Au sein même de la gauche, le sociologue s’oppose de front aux perspectives d’un communisme du luxe fondé sur les nouvelles technologies que défend l’essayiste britannique Aaron Bastani (Fully Automated Luxury Communism. A manifesto, Verso, 2019, en anglais). Il ne peut y avoir d’IA socialiste dans la mesure où la dissociation entre conception et exécution des tâches qu’opère l’IA est fondamentalement hostile aux logiques d’émancipation.
Une « autre IA » serait possible, qui ne serait plus au service du capital, mais bien de l’humanité.
Si l’ouvrage se conclut par un appel à un « renouveau luddite », quelques pistes supplémentaires sont esquissées : production et innovation doivent être soumises au contrôle démocratique et la propriété privée des géants de l’IA remise en cause. Au-delà de ce programme classique, Carbonell renvoie également aux réflexions du chercheur biélorusse Evgeny Morozov : une « autre IA » serait possible, ne cherchant plus à « augmenter » les humains en faisant à leur place au nom de l’efficacité, mais bien à « améliorer » l’humain en accroissant ses capacités. Soit la naissance d’une IA qui ne serait plus au service du capital, mais bien de l’humanité.
Les parutions de la semaine
Décroiscience, Nicolas Chevassus-au-Louis, Agone, 288 pages, 17 euros.
Et si la science devait, elle aussi, apprendre à ralentir ? Dans cet essai (illustré par Stéphane Humbert-Basset), Nicolas Chevassus-au-Louis dénonce la soumission de la recherche scientifique aux logiques du capitalisme et au mythe de la croissance infinie. À rebours du discours dominant qui pose la recherche comme la solution à tous nos maux, il constate que le système technoscientifique est, bien souvent, aux origines du problème. Mais plutôt que de sombrer dans l’anti-science, il plaide pour une refondation démocratique des priorités scientifiques, libérées du carcan productiviste et tournées vers la soutenabilité écologique. Une chose est sûre, il ne peut pas y avoir de décroissance sans « décroiscience ».
Gilets bleus. Les faux-semblants de l’autonomie au travail à Decathlon, Maxime Quijoux et Karel Yon, éditions Raisons d’agir, 128 pages, 14 euros.

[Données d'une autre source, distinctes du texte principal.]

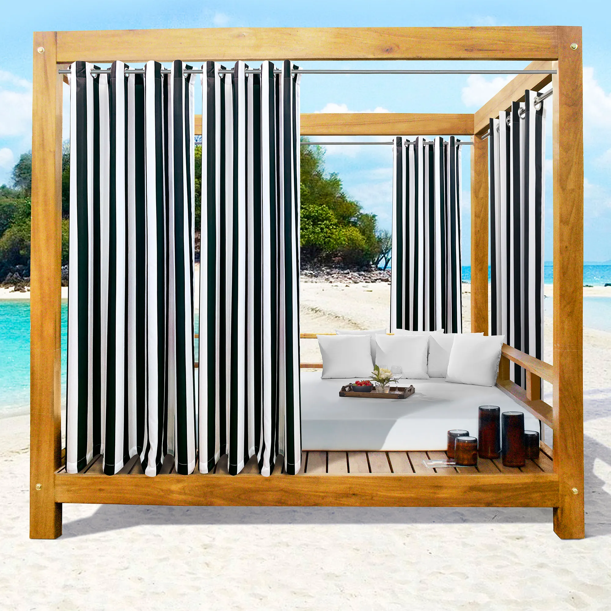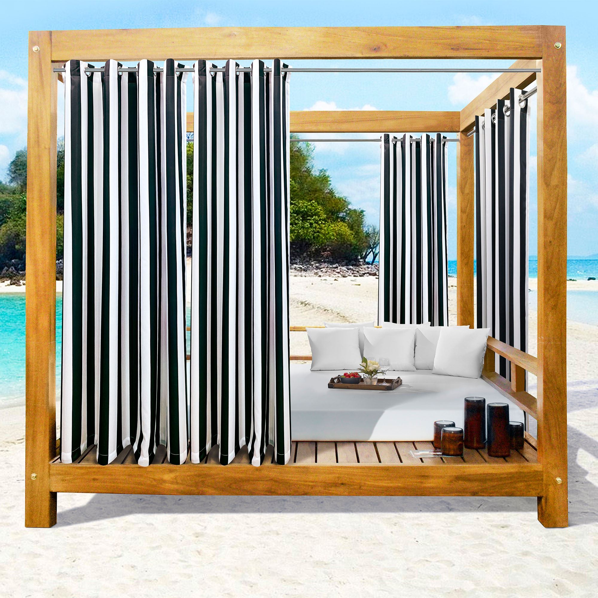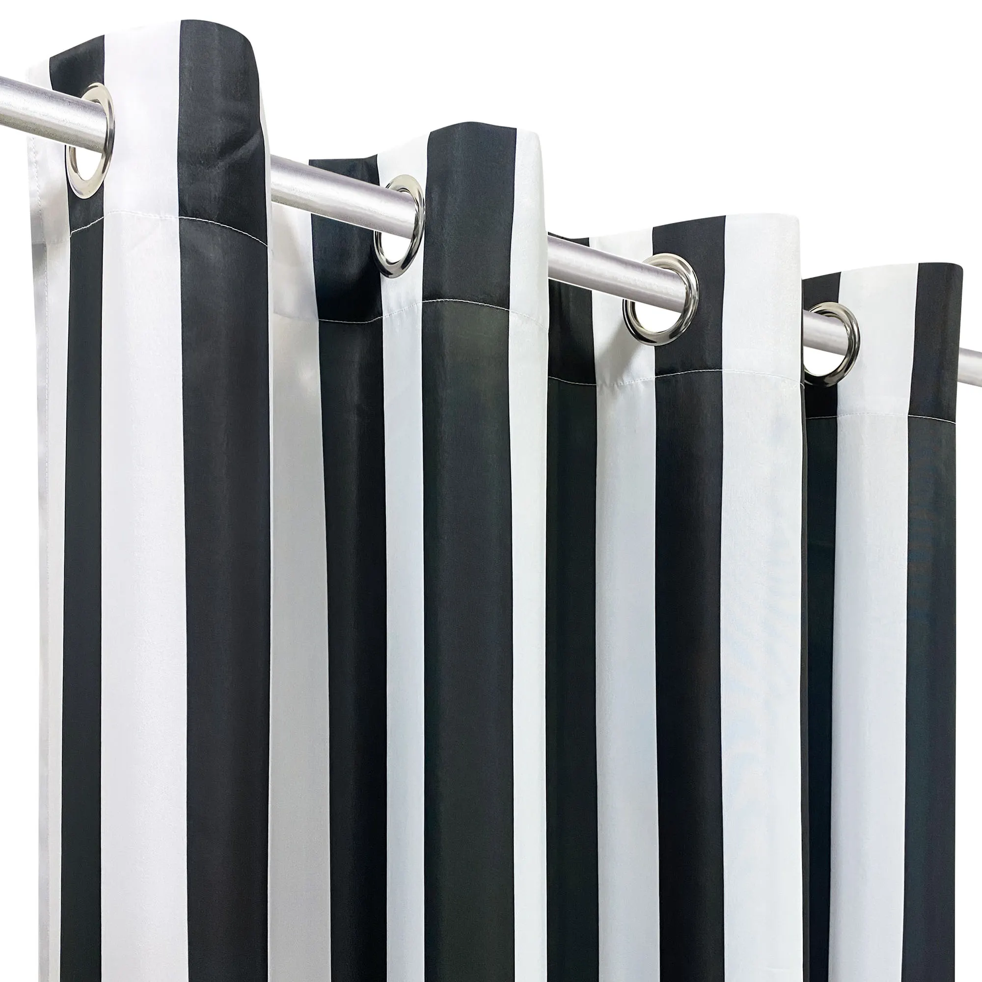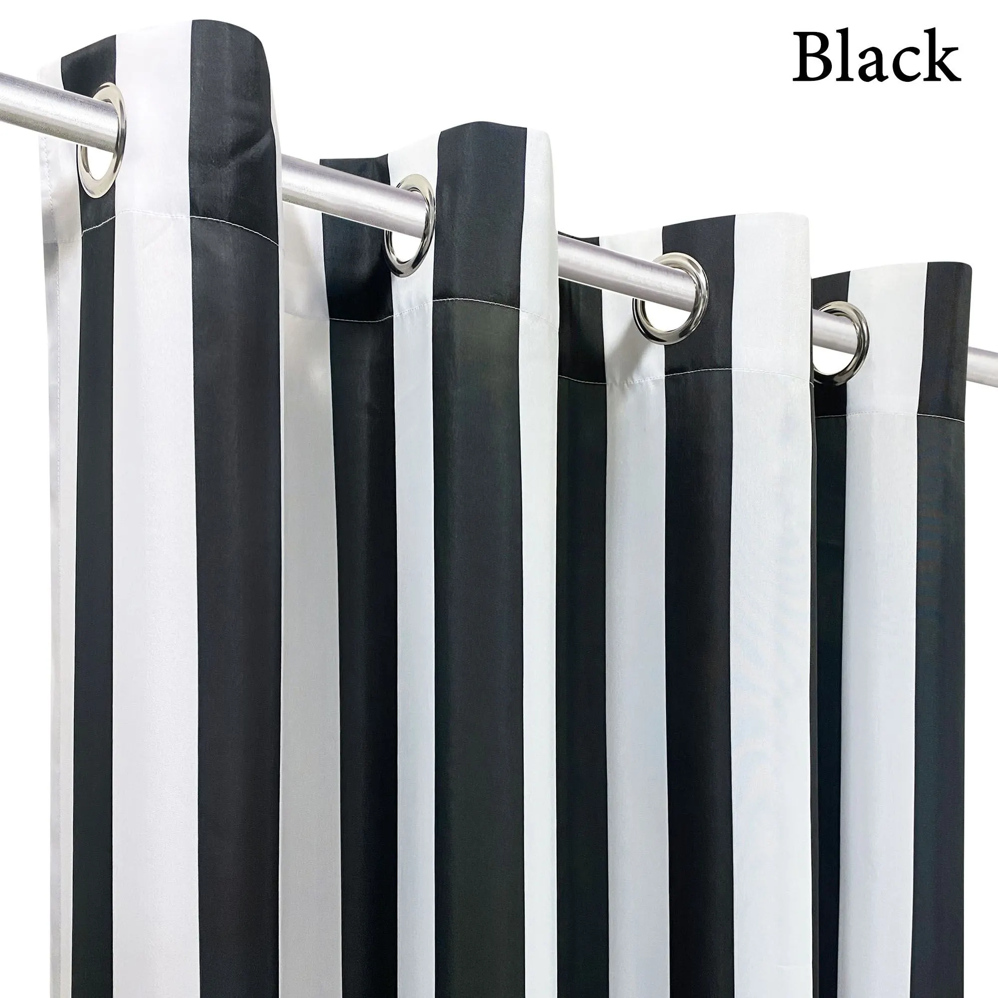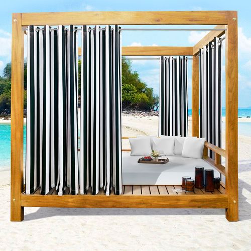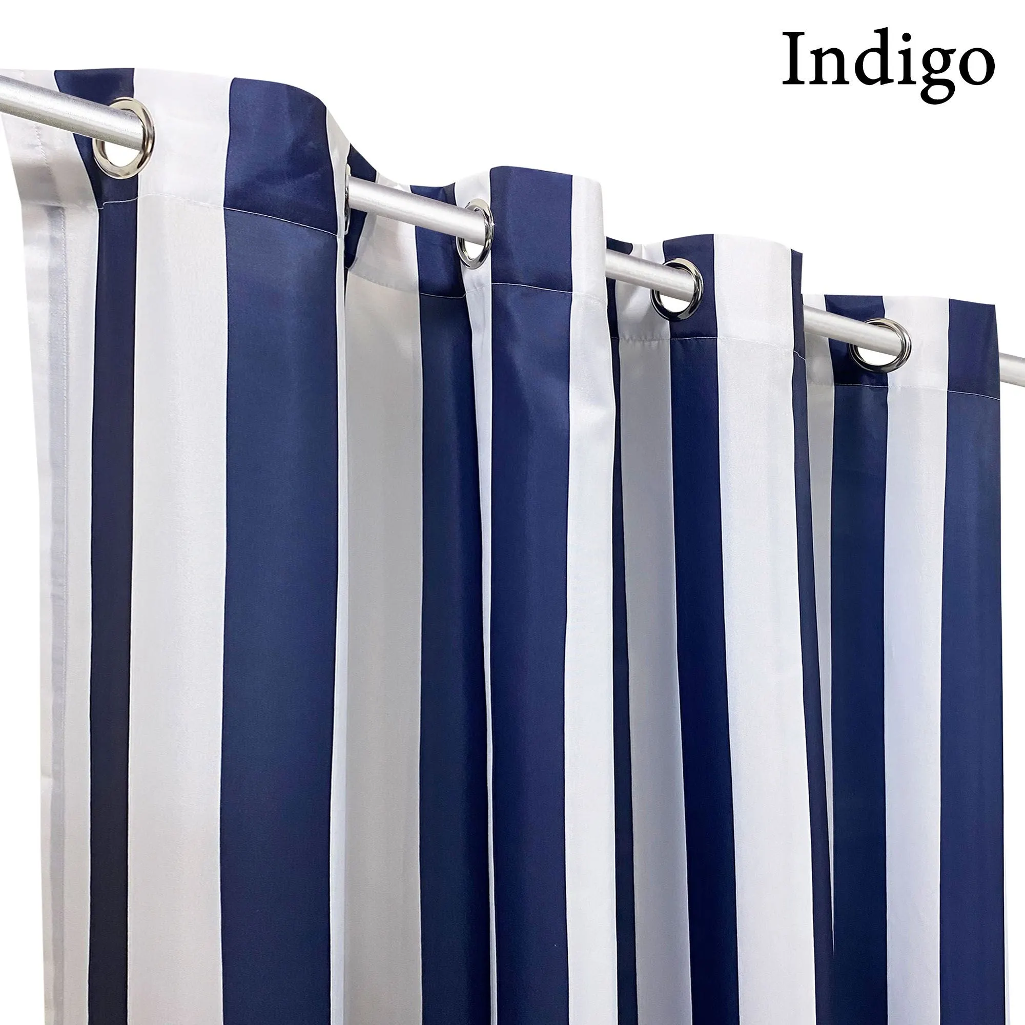 Perfect for pergolas, gazebos, balconies, or decks, the Bayport Stripe Curtains add privacy to any outdoor sanctuary. Semi-sheer polyester curtains are water-repellent and UV-, fade-, and mildew-resistant. Curtains have weighted corners and UPF 50+ protection. Rustproof metal grommets, 1.5" dia., have a silver finish. May be used indoors or outdoors seasonally. Wide curtains are sold as a pair; curtain pair is 100"W. Machine washable. Imported. The curtain pair width is the total width of two panels together.
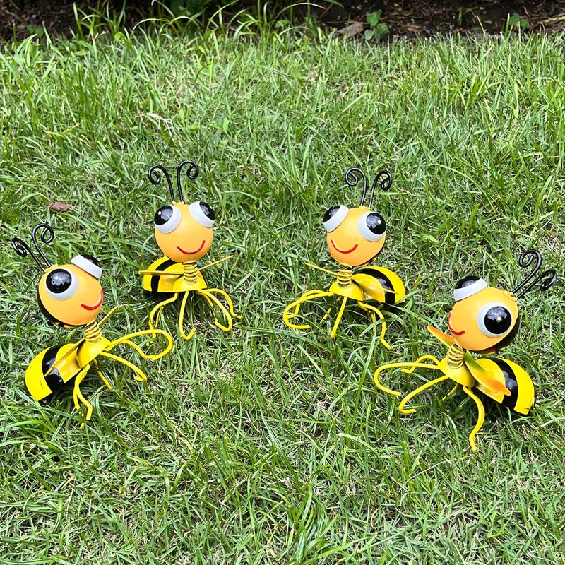 Cruis Cuka Metal Yard Art Cute Bee Garden Decor for Outside Pot Hugger Lawn Ornaments Patio Decor-Set of 4
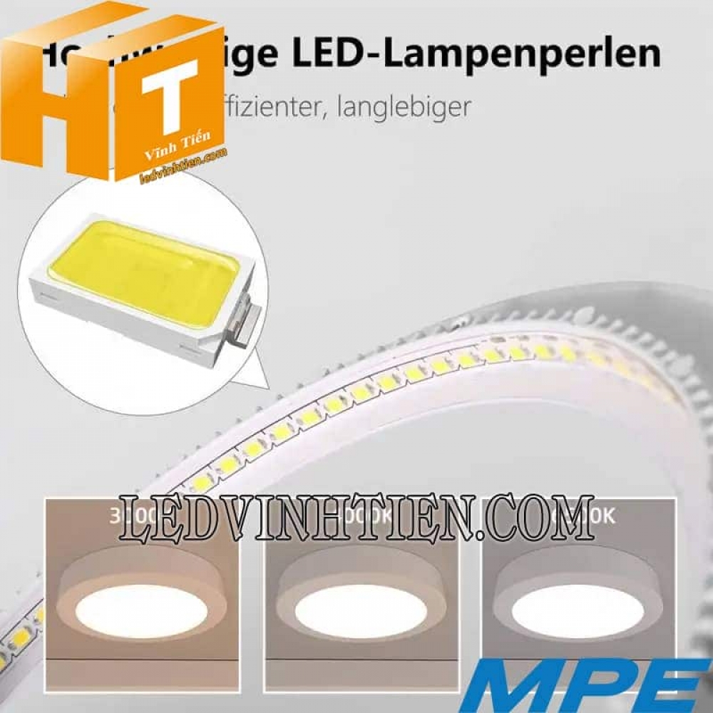 Mô tả led panel tròn nổi 3 màu 6w, 12w, 18w, 24w SRPL trắng, vàng, trung tính MPE.

Dans cette solide enquête sociologique, Karel Yon et Maxime Quijoux enquêtent en immersion sur le modèle managérial de l’enseigne sportive Decathlon. Derrière l’image d’une entreprise jeune, dynamique et « libérée », leur analyse révèle une autonomie largement illusoire, masquant une forte pression hiérarchique, des conditions de travail éprouvantes et des inégalités sociales marquées. Loin d’émanciper, cette autonomie devient un outil de gestion au service de la performance, reconduisant les rapports de domination au sein de l’entreprise et dans la société.
Fraternité, Arthur Duhé, éditions Anamosa, 96 pages, 9 euros.
L’auteur, docteur en relations internationales, travaille depuis 2022 sur les images fraternelles dans les discours nationalistes, antinationalistes et internationalistes, de 1789 aux années 1970. Dans cet ouvrage, il déconstruit la notion de fraternité tant idéologiquement que symboliquement. Il montre comment ce mot, devenu un totem républicain, revêt des significations si drôles selon les contextes qu’il en perd sa puissance normative, pour ne devenir qu’une image affective. Son effort de clarifier les usages historiques et contemporains révèle les ambiguïtés et invite à penser la fraternité comme un symbole mobilisable, et non une règle.